An appellate court has ordered a mother and son charged in the decades-old murders of two relatives in New Jersey to remain behind bars to allow prosecutors time to appeal a judge’s order granting their release as they await a retrial.
Superior Court Judge Joseph W. Oxley ordered the release of 69-year-old Dolores Morgan and 49-year-old Ted Connors from the Monmouth County Jail, but an appellate judge issued a stay of that order Friday afternoon, the Asbury Park Press reported.

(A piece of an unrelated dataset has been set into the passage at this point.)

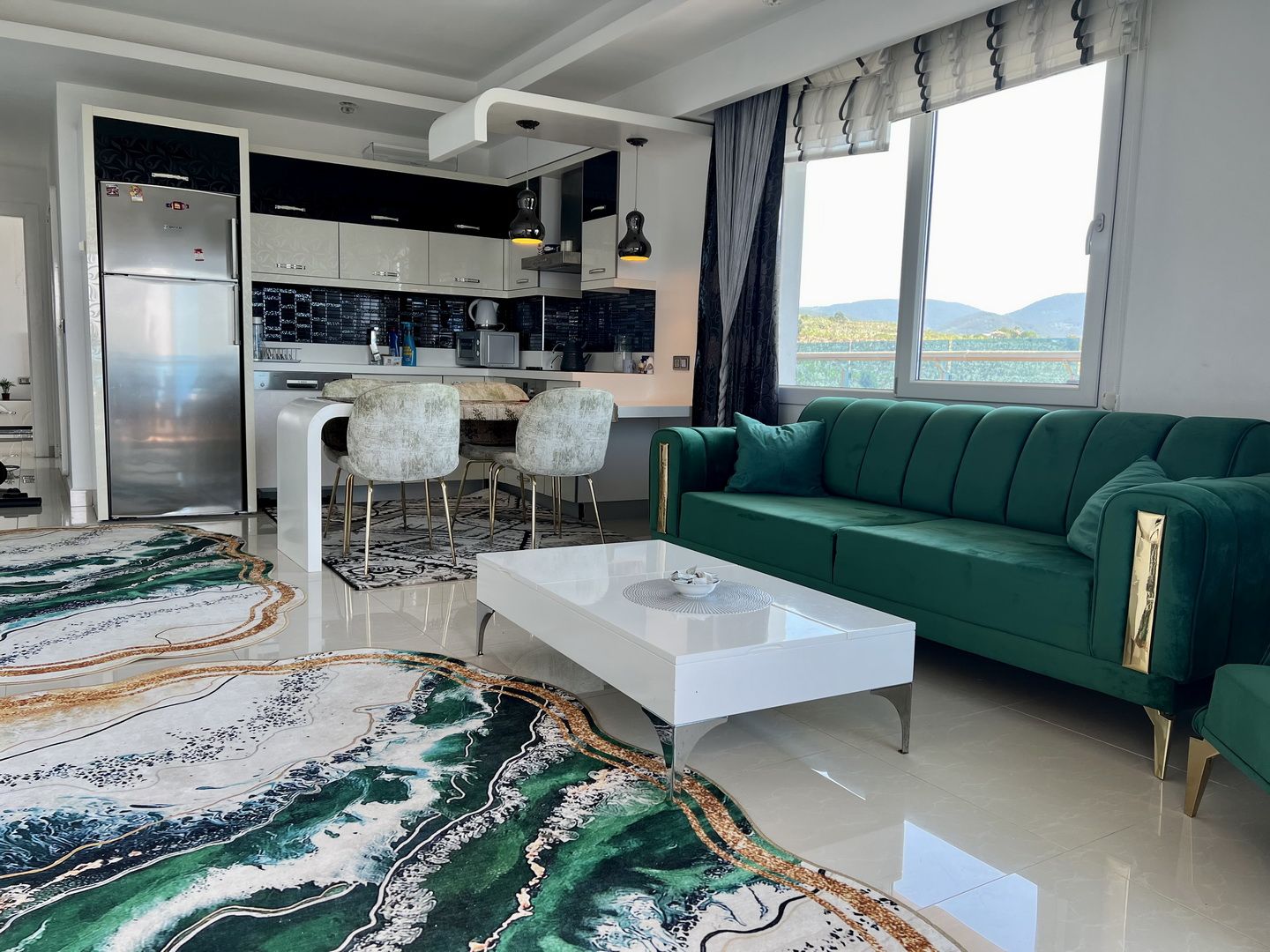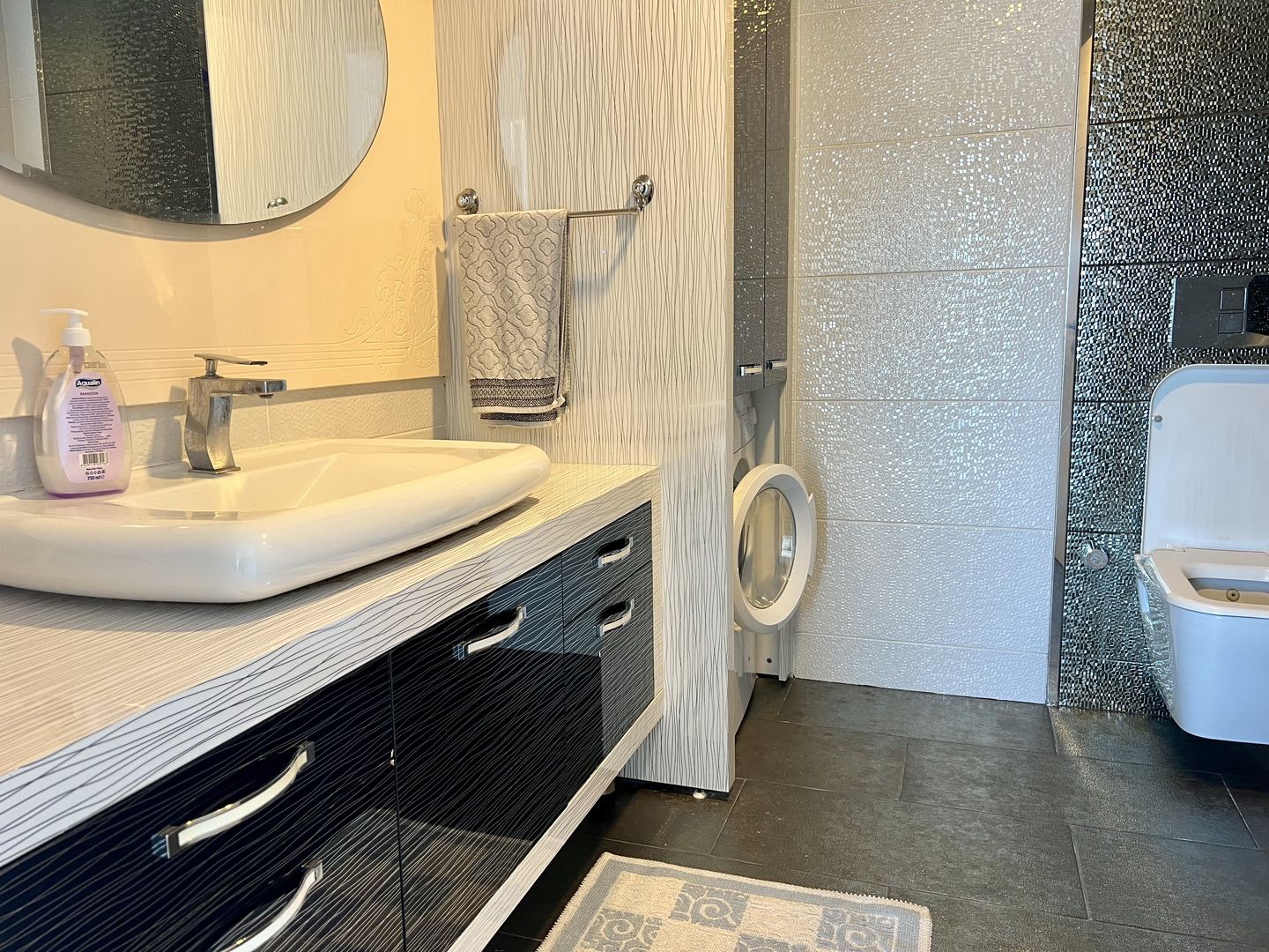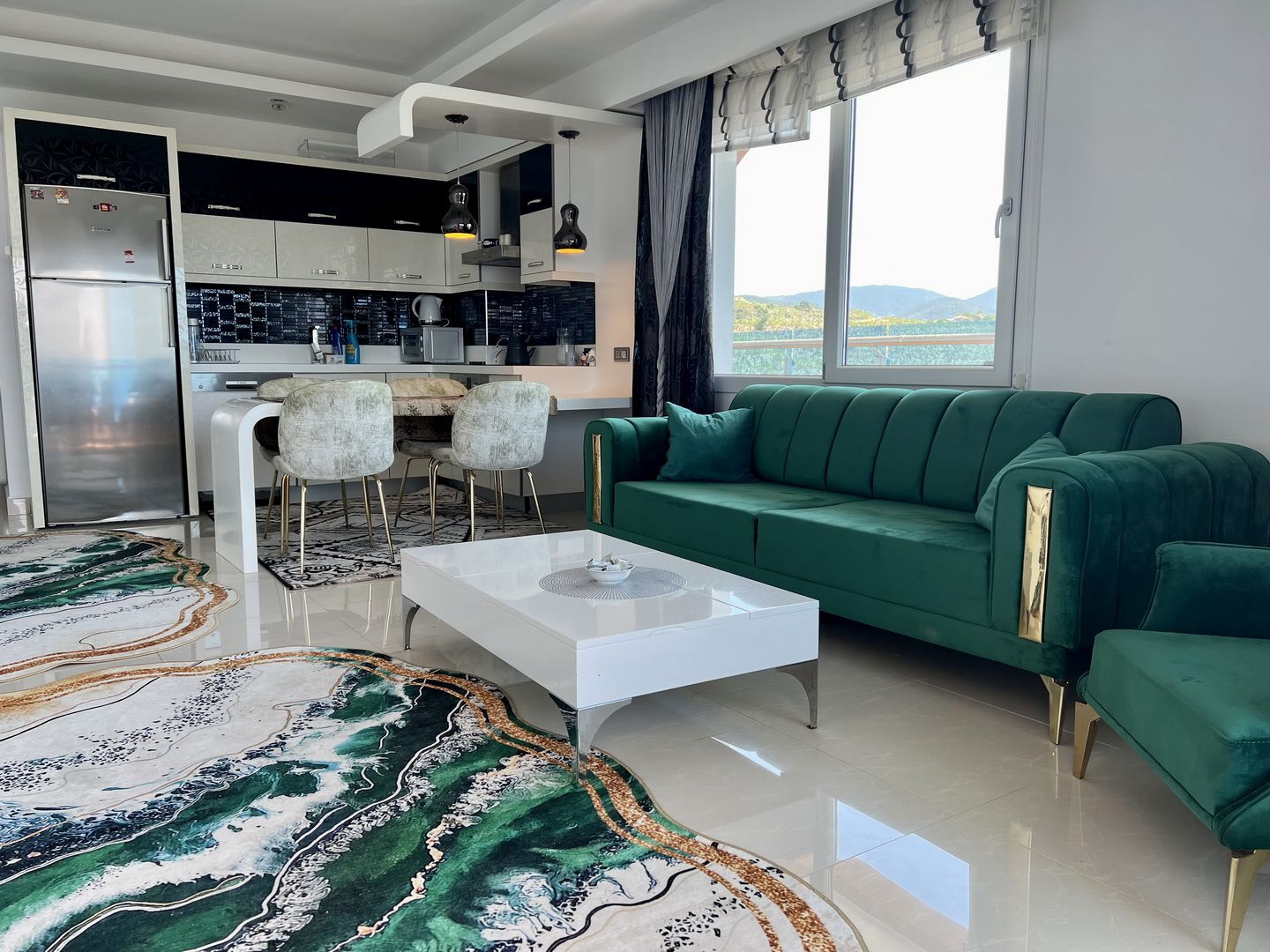 Die Wohnung mit Meerblick befindet sich in der sehr luxuriösen Azura Park Residence in Alanya / Mahmutlar. Das Meer ist ca. 1 km entfernt. Einkaufsmöglichkeiten direkt in der Nähe. Die Wohnung ist in der 8. Etage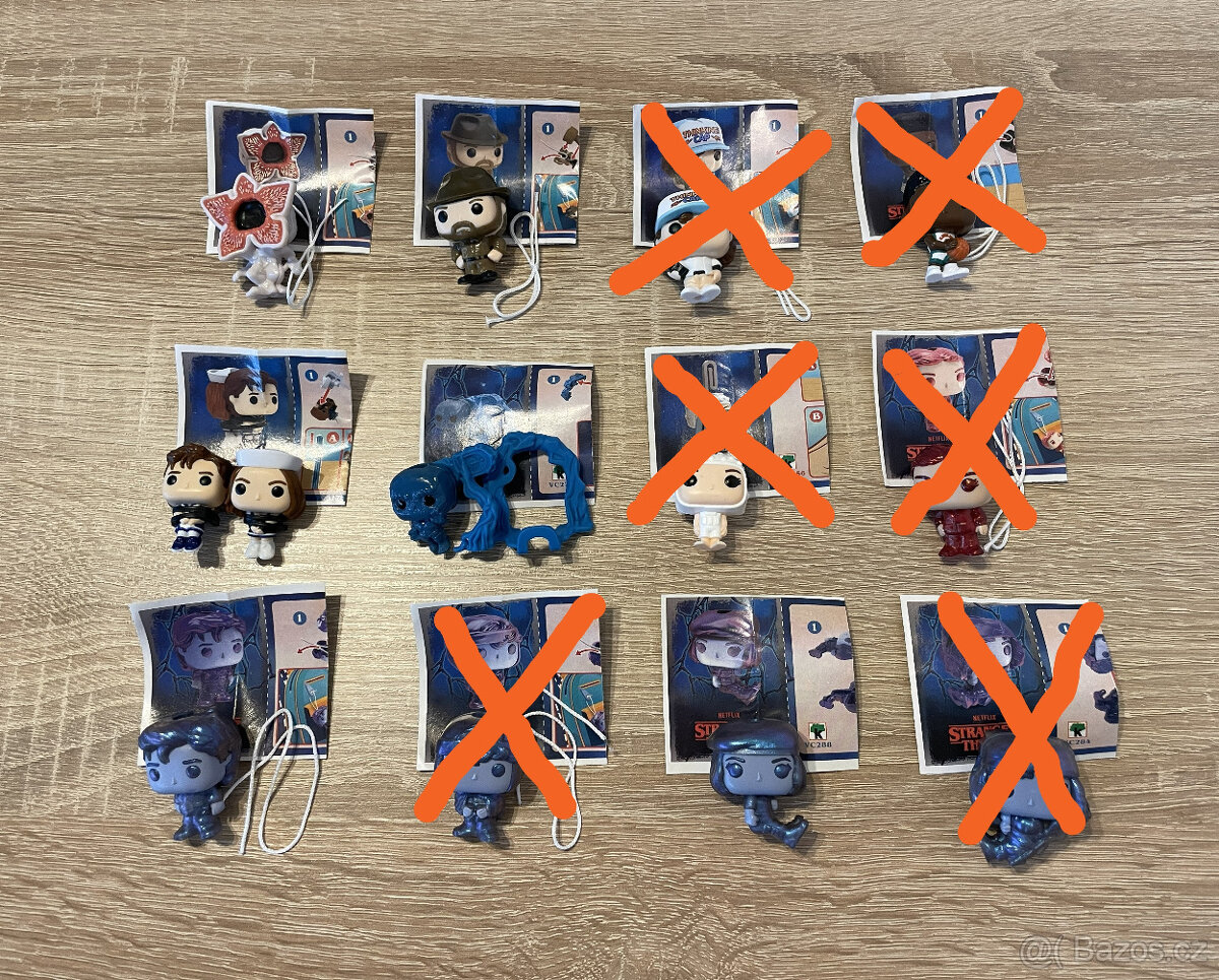 Figurky ze seriálu Stranger things FunkoPop kinder Joy - [10.12. 2025]Prodám tyto FunkoPop figurky ze seriálu Stranger things Lukase, Robin z upside Down, Steve a Robin, Vecnu a Demogorgona na tužku můžu i vyměnit za ty co nejsou zakroužkované a osobní předání.

Their first trial ended in a mistrial after jurors were unable to reach a unanimous verdict following a week of deliberations in the murders of Morgan’s daughter and husband in Long Branch. Prosecutors allege that Morgan, then known as Dolores Connors, orchestrated both killings during meetings in the kitchen of the family home.
Ana Mejia, 25, was stabbed 22 times in her Long Branch apartment in December 1994 while her two children, ages 1 and 3, were present, authorities said. Nicholas Connors, 51, was shot three times in the head in May 1995 as he lay on the couch watching television in the family home.
A prosecution witness alleged in testimony that Morgan feared that Mejia, arrested in a state police cocaine sting, would provide evidence against her and her son. The murders remained unsolved until a cold case squad revived the investigation in 2017. The defendants, who now live in Delray Beach, Florida, were arrested in January 2020.
Defense attorneys Jason Seidman, representing Connors, said the prosecution’s case was predicated “on the word of a snitch who got the deal of a lifetime.”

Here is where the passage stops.